Mais ce qu’elle souhaite avant tout, ce sont des excuses de Clorox.

L’expert en sinistre lui dit alors ceci : « Le fait que Clorox veuille éventuellement faire un règlement avec vous, c’est une admission de responsabilité, non?»

Dans un courriel que Clorox nous a fait parvenir, la porte-parole précise que le fabricant n'a jamais autorisé ni proposé une offre de règlement. Elle reconnaît que Mme Leprêtre a contacté Clorox. Elle nous explique que la compagnie a demandé des documents médicaux qui appuyaient sa réclamation. Elle précise qu'elle attend toujours ces documents.

Une réclamation dans les six chiffres

Incapable d’en venir à une entente, elle a remis sa réclamation entre les mains d’un bureau d’avocats. Une mise en demeure a été envoyée au fabricant, lettre qui est restée sans réponse.

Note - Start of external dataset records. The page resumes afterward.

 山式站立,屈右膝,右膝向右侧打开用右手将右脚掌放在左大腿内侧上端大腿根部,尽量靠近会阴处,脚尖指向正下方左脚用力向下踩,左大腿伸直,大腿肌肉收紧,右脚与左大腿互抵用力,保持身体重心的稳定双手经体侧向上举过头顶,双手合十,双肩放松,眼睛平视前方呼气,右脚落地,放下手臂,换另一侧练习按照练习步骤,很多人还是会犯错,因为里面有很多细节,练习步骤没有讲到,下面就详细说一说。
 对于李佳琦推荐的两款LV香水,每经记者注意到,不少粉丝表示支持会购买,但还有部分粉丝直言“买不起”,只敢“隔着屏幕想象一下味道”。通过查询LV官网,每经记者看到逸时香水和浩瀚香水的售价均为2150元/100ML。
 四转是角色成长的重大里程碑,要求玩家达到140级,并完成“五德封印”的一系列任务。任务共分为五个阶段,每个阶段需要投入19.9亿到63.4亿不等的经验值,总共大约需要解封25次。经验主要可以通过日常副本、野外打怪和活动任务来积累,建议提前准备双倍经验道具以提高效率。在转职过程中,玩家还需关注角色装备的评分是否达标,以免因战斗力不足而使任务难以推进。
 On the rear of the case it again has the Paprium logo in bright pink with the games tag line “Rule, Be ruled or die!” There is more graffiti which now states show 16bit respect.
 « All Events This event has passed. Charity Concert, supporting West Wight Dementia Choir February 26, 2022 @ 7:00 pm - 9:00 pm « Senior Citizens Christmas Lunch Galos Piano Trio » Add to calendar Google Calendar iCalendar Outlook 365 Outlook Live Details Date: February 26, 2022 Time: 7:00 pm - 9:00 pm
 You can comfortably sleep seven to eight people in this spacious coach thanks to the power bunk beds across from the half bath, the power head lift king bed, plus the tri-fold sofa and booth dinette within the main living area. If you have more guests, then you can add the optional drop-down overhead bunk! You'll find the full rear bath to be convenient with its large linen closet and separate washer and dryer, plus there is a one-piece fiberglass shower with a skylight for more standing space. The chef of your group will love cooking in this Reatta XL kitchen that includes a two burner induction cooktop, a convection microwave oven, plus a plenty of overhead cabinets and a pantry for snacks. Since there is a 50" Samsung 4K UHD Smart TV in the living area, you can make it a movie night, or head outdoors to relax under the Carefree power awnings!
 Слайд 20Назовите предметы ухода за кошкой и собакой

Nous avons soumis son cas à Me Alexandre Brosseau-Wery, avocat spécialisé dans les réclamations liées aux préjudices corporels. Dans toute action en responsabilité civile, on doit établir trois choses : la faute, le dommage et le lien de causalité.

« En l'espèce, Clorox semble admettre qu'elle a vendu un produit qu'on peut qualifier de défectueux vu qu'il était contaminé. Clairement, madame a subi des dommages. Alors, la seule question vraiment qui va se poser, c'est le lien de cause à effet entre ces deux éléments-là. Si elle fait la démonstration que sa source d'eau potable n'est pas contaminée et qu'il ne reste que le produit, par élimination, le tribunal va en arriver à la conclusion que ces dommages résultent bien du produit.»

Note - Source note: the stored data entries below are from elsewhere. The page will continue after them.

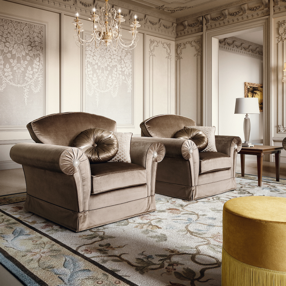 Fotoliul Nostalgia Sofa oferă o senzație imediată de confort și eleganță. Catifeaua densă, într-o nuanță bogată de maro închis, este completată de inserții cu cristale Swarovski pe cotiere, oferind un echilibru perfect între confort și rafinament italian.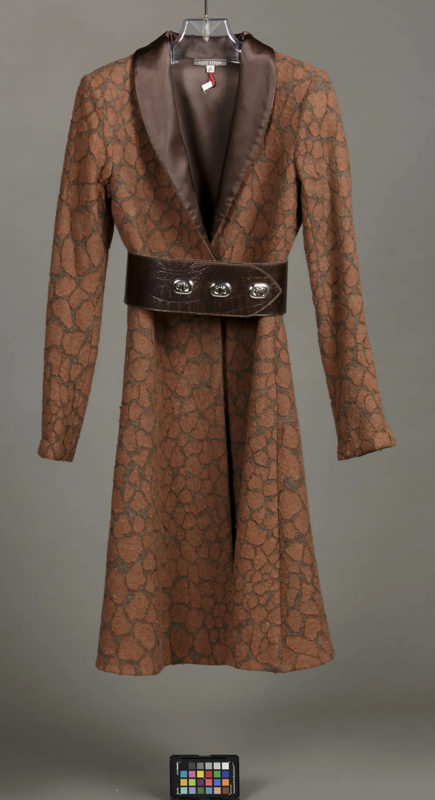 - Jacket: wool and nylon double cloth, rayon plain weave; Belt: leather, embossed, metal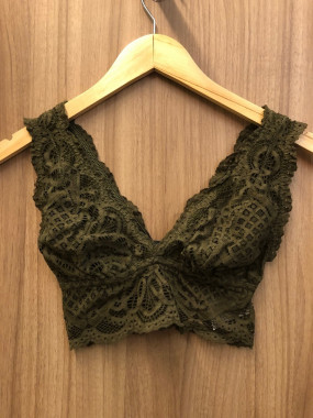 Top em renda, com alças regulavéis, sem bojo, modelagem alongadinha.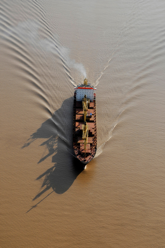 Agronegocio; hidrovía; comodities; exportación; cereal; venta; barco; Rio Paraná; sombras; dron; panoramica; importación; fuga; vrtical; marrón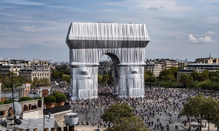 Spomenik koji se nalazi na slavnom bulevaru Champs Elysees, bio je pokriven s 25.000 kvadratnih metra srebreno – plavog polipropilena na tri sedmice u septembru i početkom oktobra.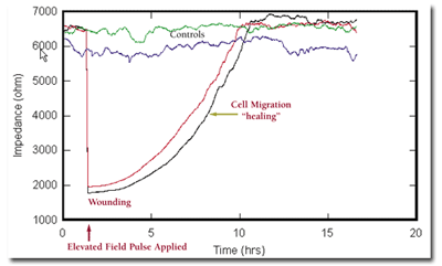 典型的損傷修復(fù)實(shí)驗(yàn)如下圖所示。BSC1細(xì)胞首先長(zhǎng)成單細(xì)胞層,然后兩個(gè)孔中給予點(diǎn)擊,使測(cè)量電極上的細(xì)胞死亡,引起阻抗值降低。隨時(shí)間的延長(zhǎng)這兩個(gè)曲線又回到初始數(shù)值,這是由于那些在電極外的正常細(xì)胞向損傷地區(qū)遷移并重新生長(zhǎng)并且替換已死去細(xì)胞。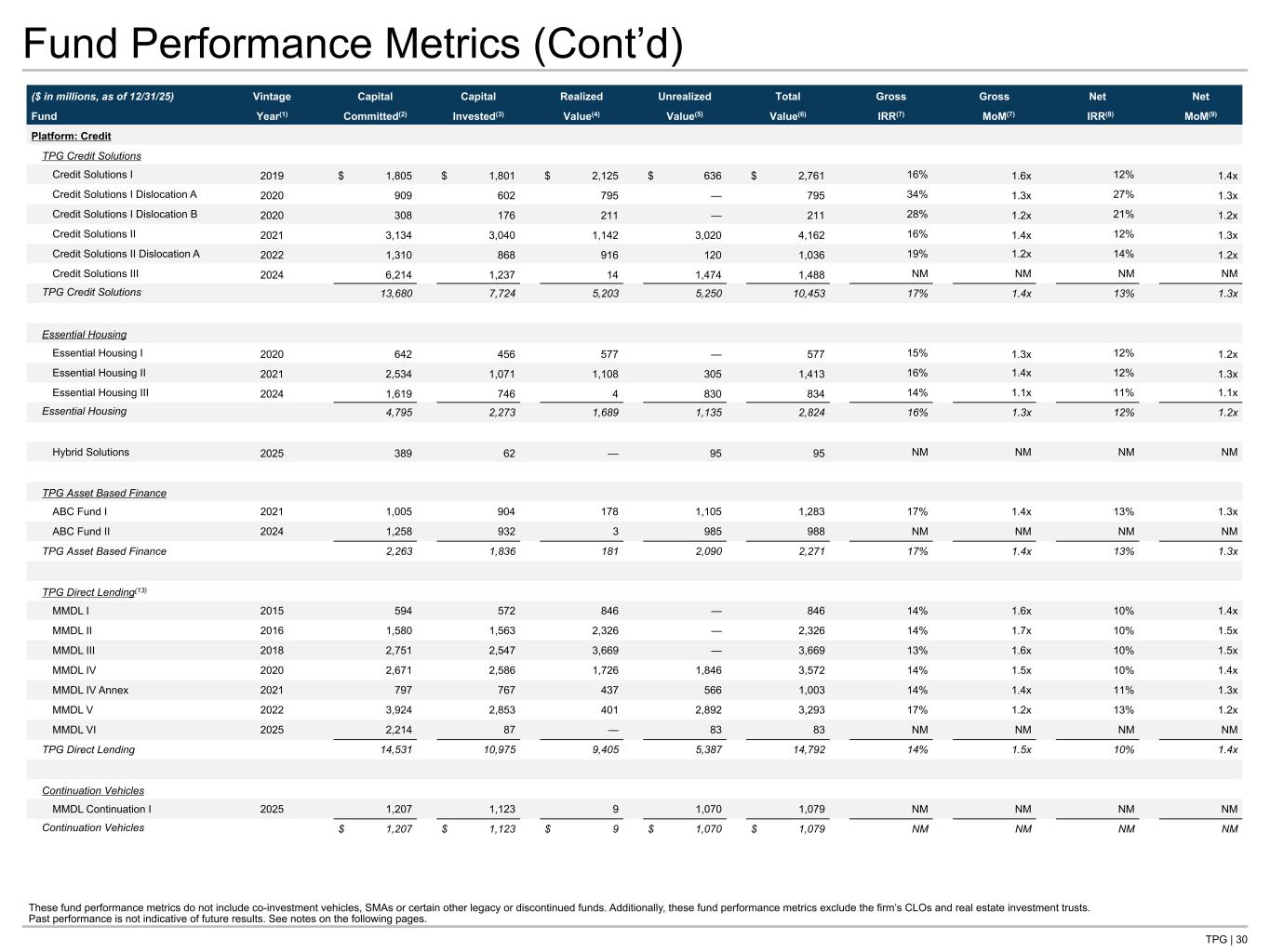 TPG | 30 Fund Performance Metrics (Cont’d) ($ in millions, as of 12/31/25) Vintage Capital Capital Realized Unrealized Total Gross Gross Net Net Fund Year(1) Committed(2) Invested(3) Value(4) Value(5) Value(6) IRR(7) MoM(7) IRR(8) MoM(9) Platform: Credit TPG Credit Solutions Credit Solutions I 2019 $ 1,805 $ 1,801 $ 2,125 $ 636 $ 2,761 16% 1.6x 12% 1.4x Credit Solutions I Dislocation A 2020 909 602 795 — 795 34% 1.3x 27% 1.3x Credit Solutions I Dislocation B 2020 308 176 211 — 211 28% 1.2x 21% 1.2x Credit Solutions II 2021 3,134 3,040 1,142 3,020 4,162 16% 1.4x 12% 1.3x Credit Solutions II Dislocation A 2022 1,310 868 916 120 1,036 19% 1.2x 14% 1.2x Credit Solutions III 2024 6,214 1,237 14 1,474 1,488 NM NM NM NM TPG Credit Solutions 13,680 7,724 5,203 5,250 10,453 17% 1.4x 13% 1.3x Essential Housing Essential Housing I 2020 642 456 577 — 577 15% 1.3x 12% 1.2x Essential Housing II 2021 2,534 1,071 1,108 305 1,413 16% 1.4x 12% 1.3x Essential Housing III 2024 1,619 746 4 830 834 14% 1.1x 11% 1.1x Essential Housing 4,795 2,273 1,689 1,135 2,824 16% 1.3x 12% 1.2x Hybrid Solutions 2025 389 62 — 95 95 NM NM NM NM TPG Asset Based Finance ABC Fund I 2021 1,005 904 178 1,105 1,283 17% 1.4x 13% 1.3x ABC Fund II 2024 1,258 932 3 985 988 NM NM NM NM TPG Asset Based Finance 2,263 1,836 181 2,090 2,271 17% 1.4x 13% 1.3x TPG Direct Lending(13) MMDL I 2015 594 572 846 — 846 14% 1.6x 10% 1.4x MMDL II 2016 1,580 1,563 2,326 — 2,326 14% 1.7x 10% 1.5x MMDL III 2018 2,751 2,547 3,669 — 3,669 13% 1.6x 10% 1.5x MMDL IV 2020 2,671 2,586 1,726 1,846 3,572 14% 1.5x 10% 1.4x MMDL IV Annex 2021 797 767 437 566 1,003 14% 1.4x 11% 1.3x MMDL V 2022 3,924 2,853 401 2,892 3,293 17% 1.2x 13% 1.2x MMDL VI 2025 2,214 87 — 83 83 NM NM NM NM TPG Direct Lending 14,531 10,975 9,405 5,387 14,792 14% 1.5x 10% 1.4x Continuation Vehicles MMDL Continuation I 2025 1,207 1,123 9 1,070 1,079 NM NM NM NM Continuation Vehicles $ 1,207 $ 1,123 $ 9 $ 1,070 $ 1,079 NM NM NM NM These fund performance metrics do not include co-investment vehicles, SMAs or certain other legacy or discontinued funds. Additionally, these fund performance metrics exclude the firm’s CLOs and real estate investment trusts. Past performance is not indicative of future results. See notes on the following pages.

Une espérance de vie écourtée, une qualité de vie diminuée, devenue dépendante des autres, elle est aujourd’hui sans emploi. À combien évalue-t-il ces dommages?

« On parle d'indemnité pour ses pertes de revenus, de toutes les dépenses en soins et, en plus, on peut s'attendre à une indemnité pour ce qu'on appelle des dommages moraux. Donc, on pourrait parler d'une indemnité qui avoisine les 800 000 $, tant qu'à moi.»

Alerte à tous

Pour éviter tout alarmisme, le microbiologiste Alex Carignan précise que pour les gens qui sont en bonne santé, le Pseudomonas ne cause généralement aucun problème. Mais si Mme Leprêtre a communiqué avec La facture, c'est qu’elle croit que d’autres personnes sont dans la même situation qu'elle.

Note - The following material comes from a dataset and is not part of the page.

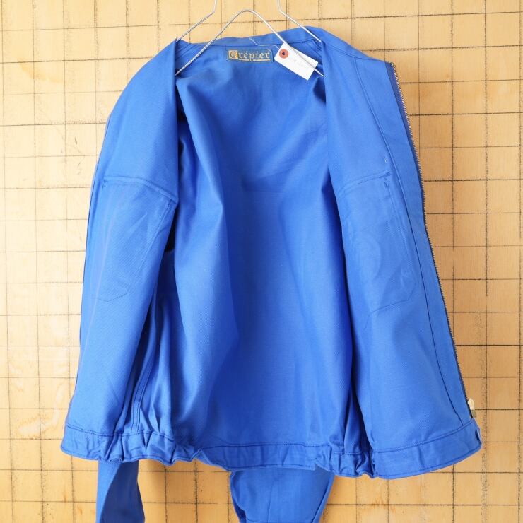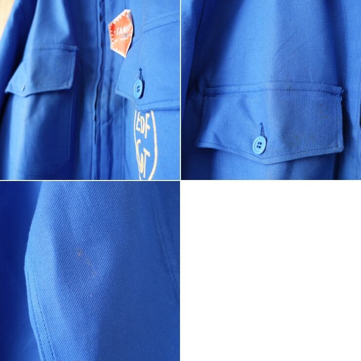 デッドストック 70s 80s EURO Crepier EDF CDT ジップアップ コットンツイルワークジャケット カバーオール メンズL相当 ブルー ユーロ ヨーロッパ古着です。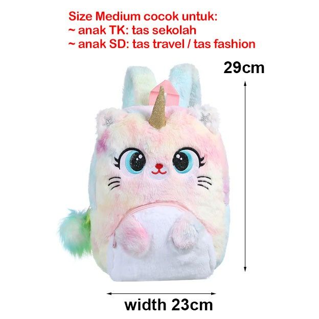 Tas Ransel Bulu Anak Perempuan Unicorn cat pom pom lucu import tas bulu kucing Free Ongkir

« Je suis convaincue qu'il y en a d'autres qui, en 2022, ont fait des pneumonies, qui ont eu des complications et qui, peut-être, encore aujourd'hui, ont des complications, qui ont vu leurs vies changées aussi et qui ne savent pas que Clorox est en arrière de ça.»

Santé Canada nous confirme que 17 personnes ont affirmé avoir eu des symptômes en lien avec l’un des produits rappelés par Pine-Sol. Sont-elles les seules?